→ ABOUT THIS TASK
No pictures go into the output, which should consist only of the lines from the first line of the data through the line with "I’m not sure", copied exactly.

→ DATA SEGMENT
**********
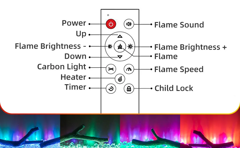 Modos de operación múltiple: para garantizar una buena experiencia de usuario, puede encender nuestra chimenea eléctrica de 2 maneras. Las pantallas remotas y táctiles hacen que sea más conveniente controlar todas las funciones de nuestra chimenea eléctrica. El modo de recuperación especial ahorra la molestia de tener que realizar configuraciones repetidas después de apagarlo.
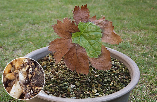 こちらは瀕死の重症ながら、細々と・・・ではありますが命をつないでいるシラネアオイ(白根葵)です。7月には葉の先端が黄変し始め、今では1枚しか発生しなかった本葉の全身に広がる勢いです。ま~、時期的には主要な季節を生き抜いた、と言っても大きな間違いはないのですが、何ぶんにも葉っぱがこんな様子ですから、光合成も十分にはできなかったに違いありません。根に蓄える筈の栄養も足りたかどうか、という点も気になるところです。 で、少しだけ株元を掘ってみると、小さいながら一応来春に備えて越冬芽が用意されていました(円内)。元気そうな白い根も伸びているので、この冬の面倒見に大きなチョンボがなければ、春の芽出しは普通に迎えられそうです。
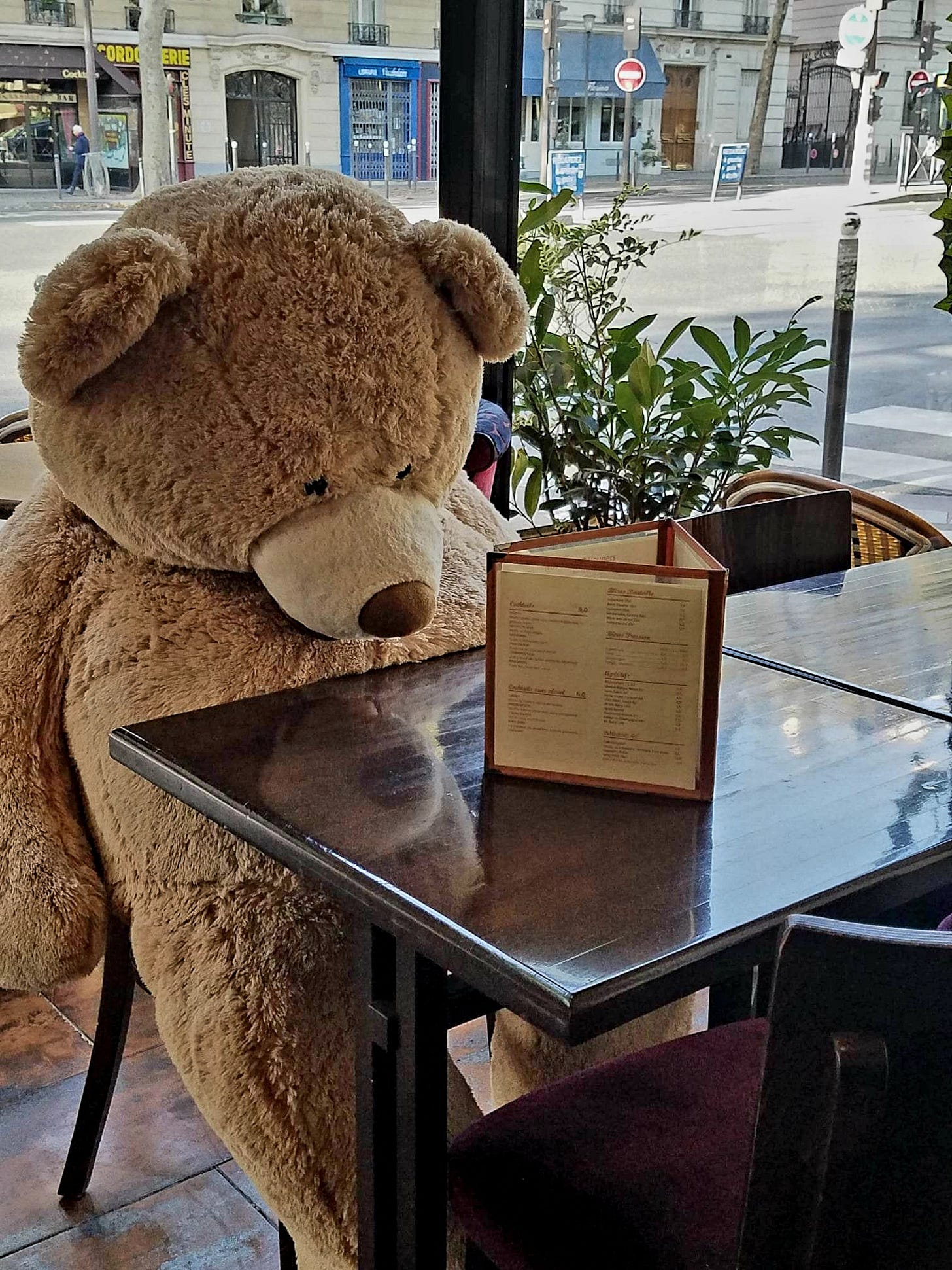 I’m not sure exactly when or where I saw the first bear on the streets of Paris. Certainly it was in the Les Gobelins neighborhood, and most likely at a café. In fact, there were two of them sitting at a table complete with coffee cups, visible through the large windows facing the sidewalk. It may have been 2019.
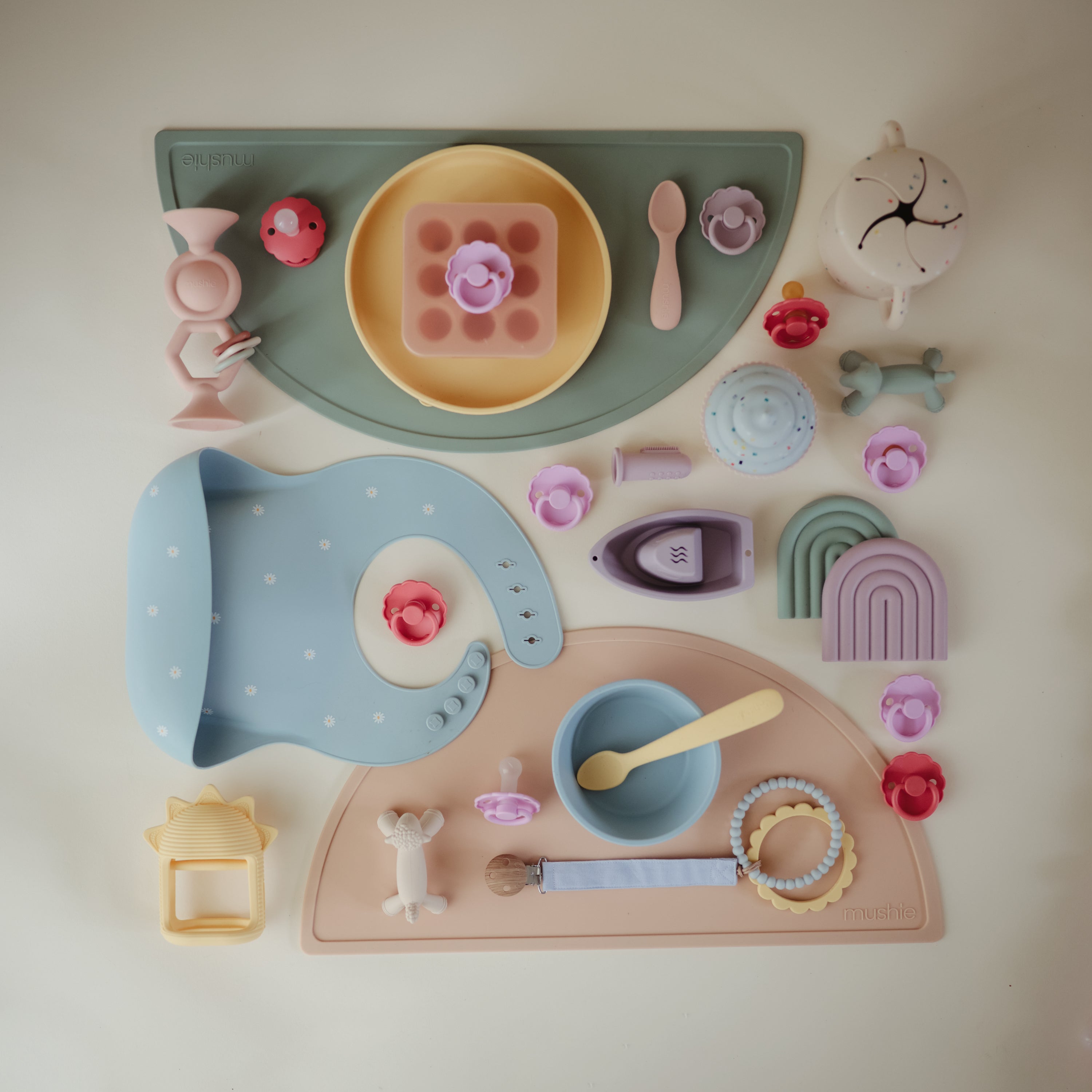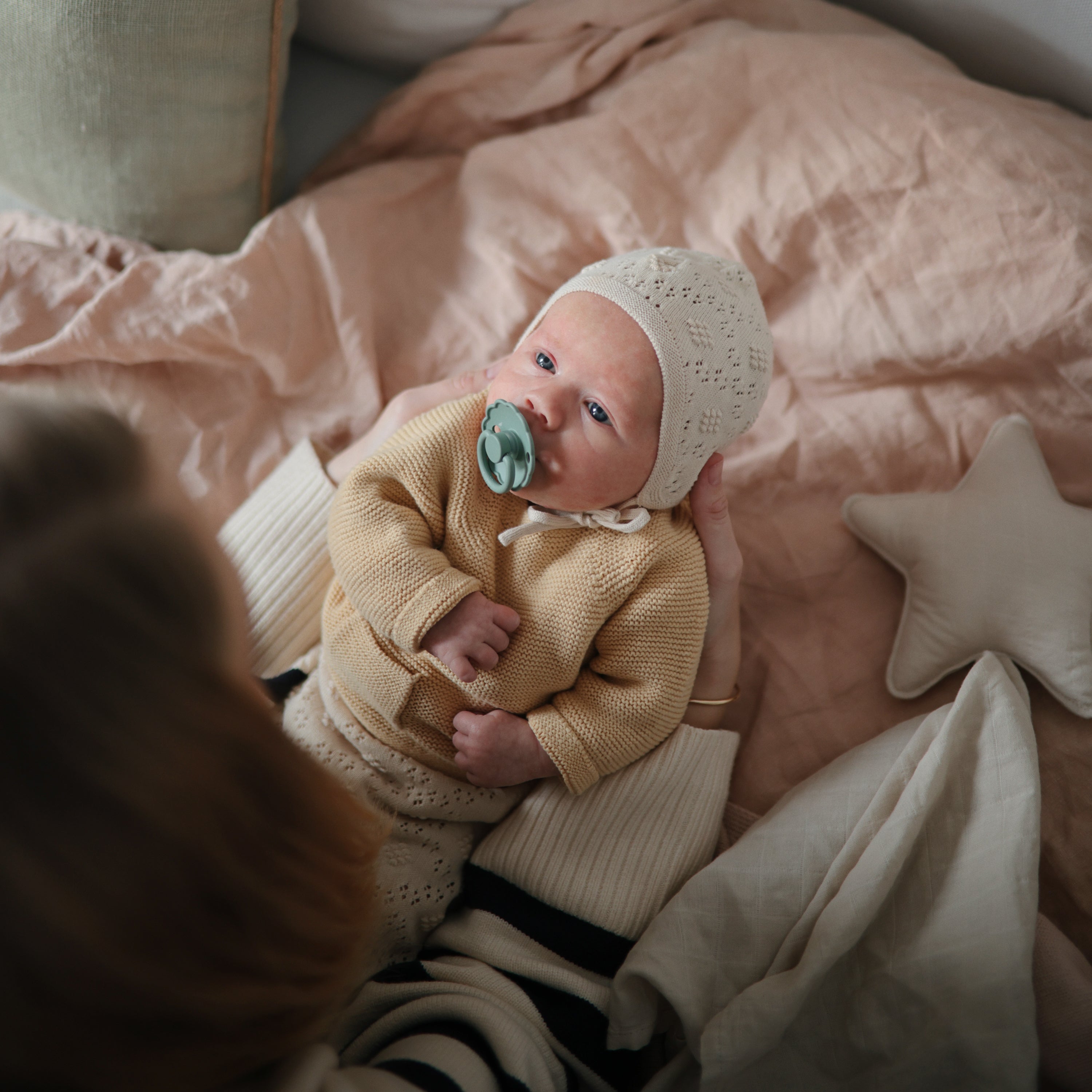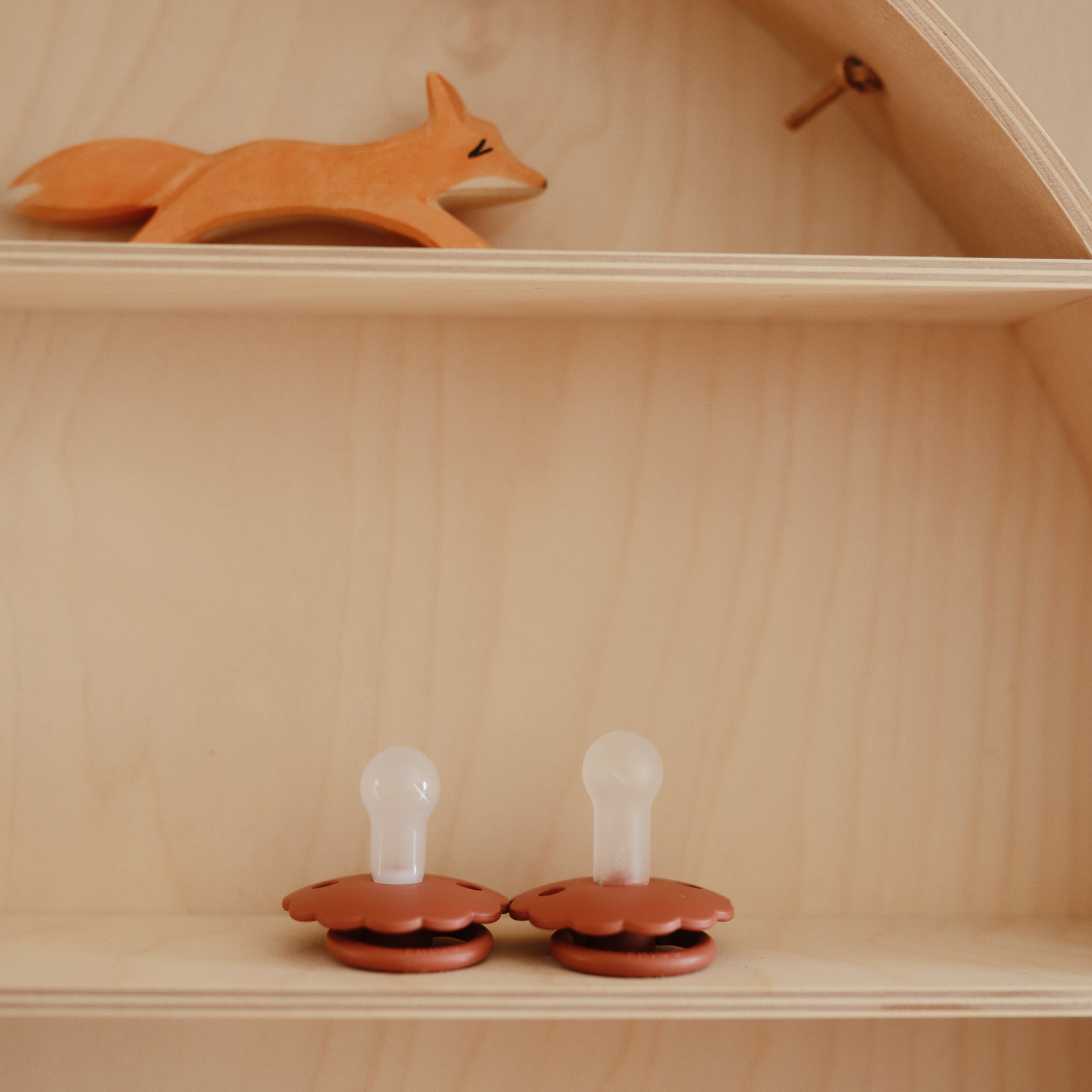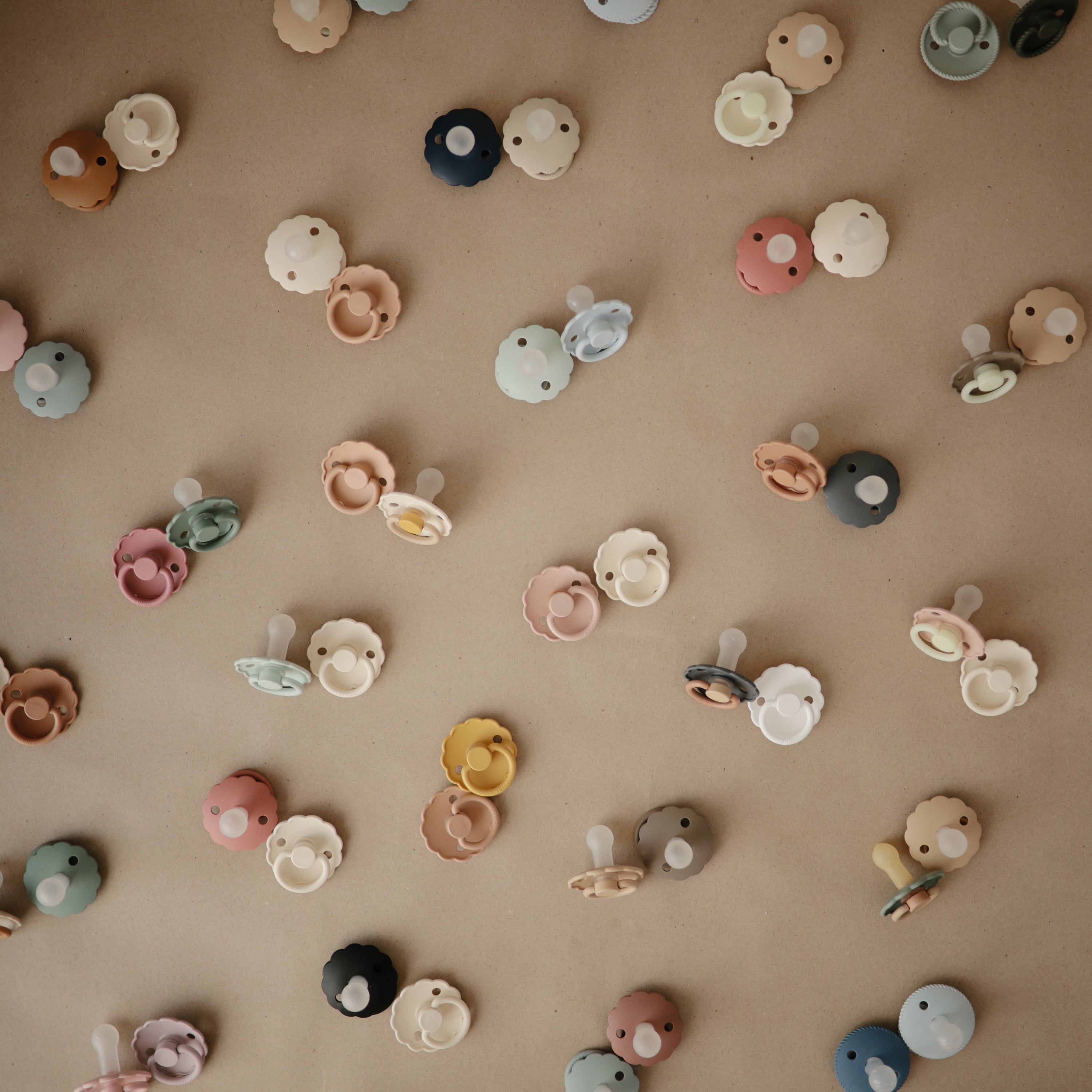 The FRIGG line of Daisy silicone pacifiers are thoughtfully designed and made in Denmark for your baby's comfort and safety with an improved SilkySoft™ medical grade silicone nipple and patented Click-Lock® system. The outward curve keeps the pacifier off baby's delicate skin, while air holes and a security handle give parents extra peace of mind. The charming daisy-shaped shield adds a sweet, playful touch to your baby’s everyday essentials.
**********
→ ANSWER BELOW
 Modos de operación múltiple: para garantizar una buena experiencia de usuario, puede encender nuestra chimenea eléctrica de 2 maneras. Las pantallas remotas y táctiles hacen que sea más conveniente controlar todas las funciones de nuestra chimenea eléctrica. El modo de recuperación especial ahorra la molestia de tener que realizar configuraciones repetidas después de apagarlo.
 こちらは瀕死の重症ながら、細々と・・・ではありますが命をつないでいるシラネアオイ(白根葵)です。7月には葉の先端が黄変し始め、今では1枚しか発生しなかった本葉の全身に広がる勢いです。ま~、時期的には主要な季節を生き抜いた、と言っても大きな間違いはないのですが、何ぶんにも葉っぱがこんな様子ですから、光合成も十分にはできなかったに違いありません。根に蓄える筈の栄養も足りたかどうか、という点も気になるところです。 で、少しだけ株元を掘ってみると、小さいながら一応来春に備えて越冬芽が用意されていました(円内)。元気そうな白い根も伸びているので、この冬の面倒見に大きなチョンボがなければ、春の芽出しは普通に迎えられそうです。
 I’m not sure exactly when or where I saw the first bear on the streets of Paris. Certainly it was in the Les Gobelins neighborhood, and most likely at a café. In fact, there were two of them sitting at a table complete with coffee cups, visible through the large windows facing the sidewalk. It may have been 2019.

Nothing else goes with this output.